On Wednesday, the group released new data that could reinforce its inward turn. It shows that only 3 percent of the region’s new jobs come from traditional recruitment. Some 42 percent of jobs come from existing firms, and the remaining 55 percent comes from startups and other new ventures.

Case in point: Atlanta-based Home Depot has pledged to create 2,500 new jobs in Georgia this year. And Atlanta’s airport, thanks in part to a sleek new $1.4 billion international terminal, has added another 1,700 jobs since January, said Atlanta Mayor Kasim Reed. The mayor, along with Gov. Nathan Deal, spoke at Wednesday’s meeting.

It doesn’t, however, mean the business community has abandoned efforts to recruit companies to town. State and local governments have long had efforts in place to seek out business beyond the state line.

But the chamber’s leaders say an overemphasis on recruiting outsiders has cost existing companies and budding entrepreneurs attention and resources they need to grow. It’s yet unclear what this new focus will deliver, and chamber officials are still fine-tuning the plan. However, they say it’s become painfully clear the new strategy is needed.

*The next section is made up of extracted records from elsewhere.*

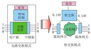 在電路交換網(wǎng)中,呼叫控制、業(yè)務(wù)提供以及交換矩陣均集中在一個(gè)交換系統(tǒng)中,而軟交換的主要設(shè)計(jì)思想是業(yè)務(wù)/控制與傳送/接入分離,各實(shí)體之間通過標(biāo)準(zhǔn)的協(xié)議進(jìn)行連接和通信,以便在網(wǎng)上更加靈活地提供業(yè)務(wù),見圖1。更具體地講,軟交換是一個(gè)基于軟件的分布式交換/控制平臺,它將呼叫控制功能從網(wǎng)關(guān)中分離出來,開放業(yè)務(wù)、控制、接入和交換間的協(xié)議,從而真正實(shí)現(xiàn)多廠家的網(wǎng)絡(luò)運(yùn)營環(huán)境,并可以方便地在網(wǎng)上引入多種業(yè)務(wù)。
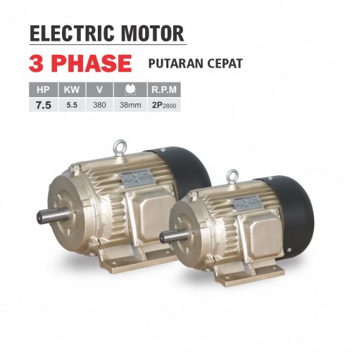 H/P : 7.5 KW : 5.5 V : 380 As : 38 mm R.P.M : 2P 2800 Quantity : 1 pcs
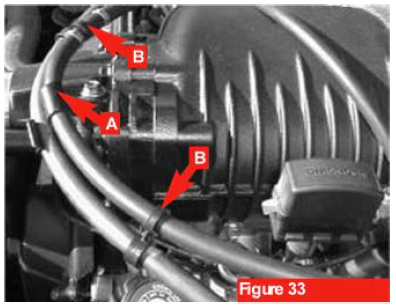9. Remove the throttle cable/evaporative canister hose bracket and bolt from the stock manifold. Install the bracket on to the supercharger as shown (see arrow A, figure 33). Insert the throttle cable and evaporative canister hose, and install the Zip Ties on the throttle cable and evaporative canister hoses as shown (see arrows B, figure 33).

Sam Williams, the chamber’s president, said the region has added only 50,000 jobs over the last decade. During the booming 1990s, Atlanta added that many jobs in a single year.

“We’re going to continue to recruit companies, but we know that that can’t solve the jobs problems,” Williams said. “We want to help the existing companies here grow much faster.”

It’s been a long year for the chamber, which poured time and treasure into supporting a 1 percent sales tax that would have funded $7.2 billion in transportation improvements over the next decade. In June, leaders announced a plan to jump-start the region’s economy with a promise to foster more startups. The next month, the resounding defeat of the tax was seen by some as a stunning rebuke to the high-profile leaders who publicly backed it.

Leading politicians, though, insisted there were no regrets.

“The one thing I hope that the transportation referendum let you know … is that you have leaders who won’t turn and run when it gets thick and when it gets hard,” Reed told the audience.

There was little other talk about the failed venture at the chamber’s meeting, but leaders promised several “bold steps”: target several key industries through incentives and other support; drive more collaboration with the higher-education system; better promote Atlanta’s story; and boost quality of life and infrastructure.

The chamber is focusing first on startups and existing clusters, such as bioscience and health IT. Earlier this year, it created a mobility task force to help grow and attract wireless firms, something it may not have done without the new focus.

In the wake of the T-SPLOST’s failure, the question of what to do next about infrastructure still loomed.

“Congestion remains one of our major concerns,” Deal said at the meeting. “We are going to reach a point where if people cannot move in a timely fashion, some of the growth we’ve been able to recognize will slow down.”

He quickly added: “Fortunately, I don’t think that’s happened yet.”